=== Your goal ===
Pictures excluded, copy every record that follows exactly as it appears.

**** Supplied material

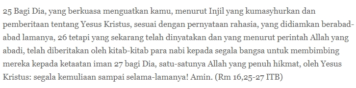 Rm, sgt keren dan menarik, bahwa faktanya ‘org2 istimewa’ ini dlm mengemban tugas tgjbnya msg2 krn wujud cinta pd Allah itu, semuanya mempunyai sikap kerendahan hati (humble) yg lbh kurang sama. Bunda Maria menjb, aku ini hamba Tuhan. Yohanes Pembaptis menjb, membuka tali kasutNya pun aku tdk layak. Romo menjb, terimakasih Ahong. Bahkan Yesus sendiri, tdk menganggap ‘Kesetaraan Itu’ sbg milik yg hrs dipertahankn. Dibalik kerecehan yg sama sekali tdk receh. Dr keteladanan itu sy menangkap makna, bhw ternyata ktk kt mengaku cinta pd Allah, mengaku umat Allah, mengikuti Allah, apalah judulnya, output sikap kita adh kerendahan hati. Yg sombong dn malah angkuh, bs jd bukan mengikuti Allah, tp (ego) diri sendiri. Makasih Rm.
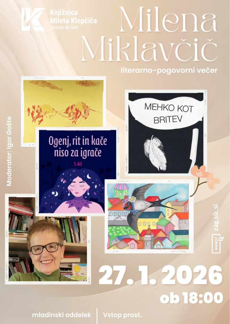 Danes ob 18. uri bodo v Knjižnici Mileta Klopčiča v Zagorju pripravili literarno pogovorni večer z Mileno Miklavčič, priznano pisateljico in pripovedovalko zgodb iz resničnega življenja, avtorico številnih knjig. »V pogovoru se bomo dotaknili avtoričinega ustvarjanja, življenjskih zgodb ter knjig Ogenj, rit in kače niso za igrače in Mehko kot britev, ki sta med bralci sprožili veliko zanimanja in razmisleka. Večer bo priložnost za poglobljen pogovor, izmenjavo mnenj ter srečanje z avtorico, ki s svojim delom odpira pomembna vprašanja o življenju, odnosih in družbi,« so zapisali v vabilu. Pogovor bo moderiral Igor Gošte.
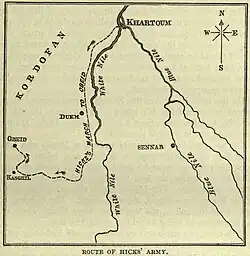 Zusammen mit einem weiteren Kontingent für das Expeditionsheer fuhren Hicks und sein komplett aus Europäern bestehender Stab am 7. Februar 1883 von Kairo nach Suakin, um von dort über Berber Khartum zu erreichen, wo sie am 7. März ankamen. Zuerst befriedete Hicks im April die Dschazira, das Gebiet zwischen dem Weißen und Blauen Nil, wo sich einige Stämme im Namen von Muhammad Ahmad unter der Führung von Ahmad al-Makashfi erhoben hatten. Darauf begann er mit der Planung zur Rückeroberung von Kordofan. Dafür verlangte er, aufgrund ständiger Meinungsverschiedenheiten mit dem eigentlich nur nominellen Oberbefehlshaber Sulayman Pascha Nyazi, von der ägyptischen Regierung die Ernennung zum Oberbefehlshaber des Expeditionsheeres und 6.000 Mann Verstärkung. Die ägyptische Regierung entsandte lediglich 3.000 Mann, die zumeist als untauglich für die in Reorganisation begriffene ägyptische Gendarmerie befunden wurden. Zum Oberbefehlshaber wurde Hicks Ende Juli ernannt, nachdem er mit dem Rücktritt gedroht hatte. Am 9. September 1883 verließ Hicks mit dem Expeditionsheer Khartum zur Rückeroberung von al-Ubayyid und der Provinz Kordofan.[3]
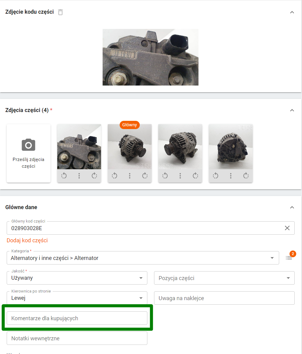 - Dodawaj przejrzyste opisy - im więcej szczegółów dotyczących oferowanej części tym lepiej. Podaj szczegóły dotyczące cech produktu, jego stanu i ewentualne wady. Jeśli sprzedajesz części karoserii, nie zapomnij podać kodu koloru. Jeśli sprzedajesz części po testach (takie jak np. wtryskiwacze) dołącz zdjęcie dokumentu testowego i zaznacz to w opisie.
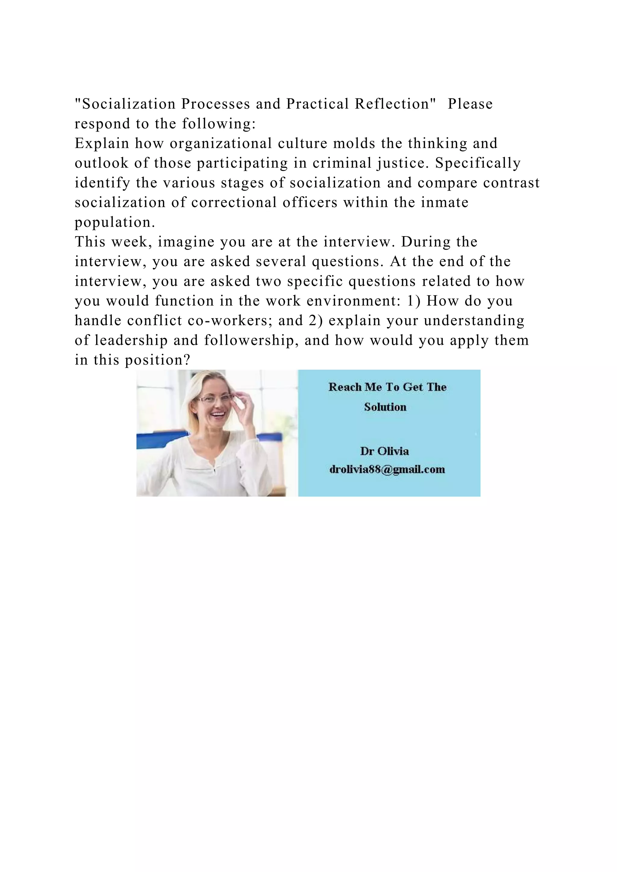 Socialization Processes and Practical Reflection Please respond t.docx
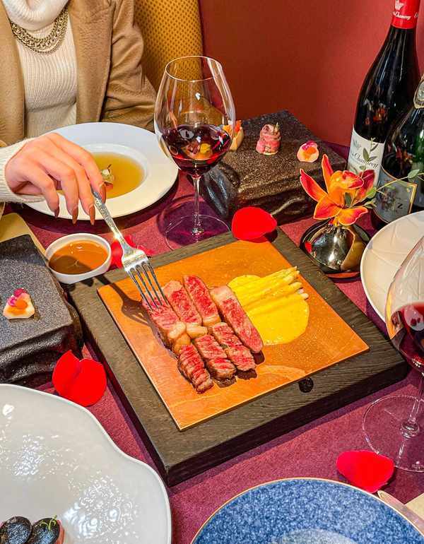 ▪️Josper炭烤澳洲INFINITE-M9+级谷饲500天纯血和牛眼肉+配法式野酱汁佐低温沙巴翁白芦笋
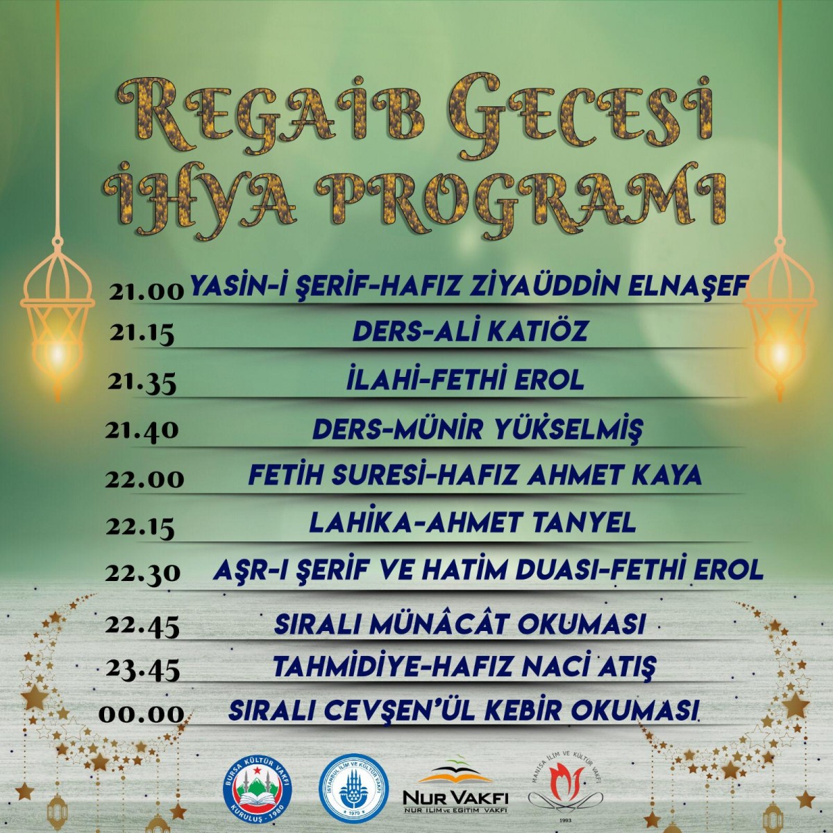 Birbirinden değerli Ağabeylerimizin ve Hocalarımızın katılımlarıyla bugün (18 Şubat Perşembe)21.00-01.00 saatleri arasında düzenleyeceğimiz Regaip Gecesi İhya Programı'na sizlerin de katılımınızı bekler, şimdiden LEYLE-İ REGAİB'İNİZİ tebrik ederiz.

********

=== Written solution ===
 Rm, sgt keren dan menarik, bahwa faktanya ‘org2 istimewa’ ini dlm mengemban tugas tgjbnya msg2 krn wujud cinta pd Allah itu, semuanya mempunyai sikap kerendahan hati (humble) yg lbh kurang sama. Bunda Maria menjb, aku ini hamba Tuhan. Yohanes Pembaptis menjb, membuka tali kasutNya pun aku tdk layak. Romo menjb, terimakasih Ahong. Bahkan Yesus sendiri, tdk menganggap ‘Kesetaraan Itu’ sbg milik yg hrs dipertahankn. Dibalik kerecehan yg sama sekali tdk receh. Dr keteladanan itu sy menangkap makna, bhw ternyata ktk kt mengaku cinta pd Allah, mengaku umat Allah, mengikuti Allah, apalah judulnya, output sikap kita adh kerendahan hati. Yg sombong dn malah angkuh, bs jd bukan mengikuti Allah, tp (ego) diri sendiri. Makasih Rm.
 Danes ob 18. uri bodo v Knjižnici Mileta Klopčiča v Zagorju pripravili literarno pogovorni večer z Mileno Miklavčič, priznano pisateljico in pripovedovalko zgodb iz resničnega življenja, avtorico številnih knjig. »V pogovoru se bomo dotaknili avtoričinega ustvarjanja, življenjskih zgodb ter knjig Ogenj, rit in kače niso za igrače in Mehko kot britev, ki sta med bralci sprožili veliko zanimanja in razmisleka. Večer bo priložnost za poglobljen pogovor, izmenjavo mnenj ter srečanje z avtorico, ki s svojim delom odpira pomembna vprašanja o življenju, odnosih in družbi,« so zapisali v vabilu. Pogovor bo moderiral Igor Gošte.
 Zusammen mit einem weiteren Kontingent für das Expeditionsheer fuhren Hicks und sein komplett aus Europäern bestehender Stab am 7. Februar 1883 von Kairo nach Suakin, um von dort über Berber Khartum zu erreichen, wo sie am 7. März ankamen. Zuerst befriedete Hicks im April die Dschazira, das Gebiet zwischen dem Weißen und Blauen Nil, wo sich einige Stämme im Namen von Muhammad Ahmad unter der Führung von Ahmad al-Makashfi erhoben hatten. Darauf begann er mit der Planung zur Rückeroberung von Kordofan. Dafür verlangte er, aufgrund ständiger Meinungsverschiedenheiten mit dem eigentlich nur nominellen Oberbefehlshaber Sulayman Pascha Nyazi, von der ägyptischen Regierung die Ernennung zum Oberbefehlshaber des Expeditionsheeres und 6.000 Mann Verstärkung. Die ägyptische Regierung entsandte lediglich 3.000 Mann, die zumeist als untauglich für die in Reorganisation begriffene ägyptische Gendarmerie befunden wurden. Zum Oberbefehlshaber wurde Hicks Ende Juli ernannt, nachdem er mit dem Rücktritt gedroht hatte. Am 9. September 1883 verließ Hicks mit dem Expeditionsheer Khartum zur Rückeroberung von al-Ubayyid und der Provinz Kordofan.[3]
 - Dodawaj przejrzyste opisy - im więcej szczegółów dotyczących oferowanej części tym lepiej. Podaj szczegóły dotyczące cech produktu, jego stanu i ewentualne wady. Jeśli sprzedajesz części karoserii, nie zapomnij podać kodu koloru. Jeśli sprzedajesz części po testach (takie jak np. wtryskiwacze) dołącz zdjęcie dokumentu testowego i zaznacz to w opisie.
 Socialization Processes and Practical Reflection Please respond t.docx
 ▪️Josper炭烤澳洲INFINITE-M9+级谷饲500天纯血和牛眼肉+配法式野酱汁佐低温沙巴翁白芦笋
 Birbirinden değerli Ağabeylerimizin ve Hocalarımızın katılımlarıyla bugün (18 Şubat Perşembe)21.00-01.00 saatleri arasında düzenleyeceğimiz Regaip Gecesi İhya Programı'na sizlerin de katılımınızı bekler, şimdiden LEYLE-İ REGAİB'İNİZİ tebrik ederiz.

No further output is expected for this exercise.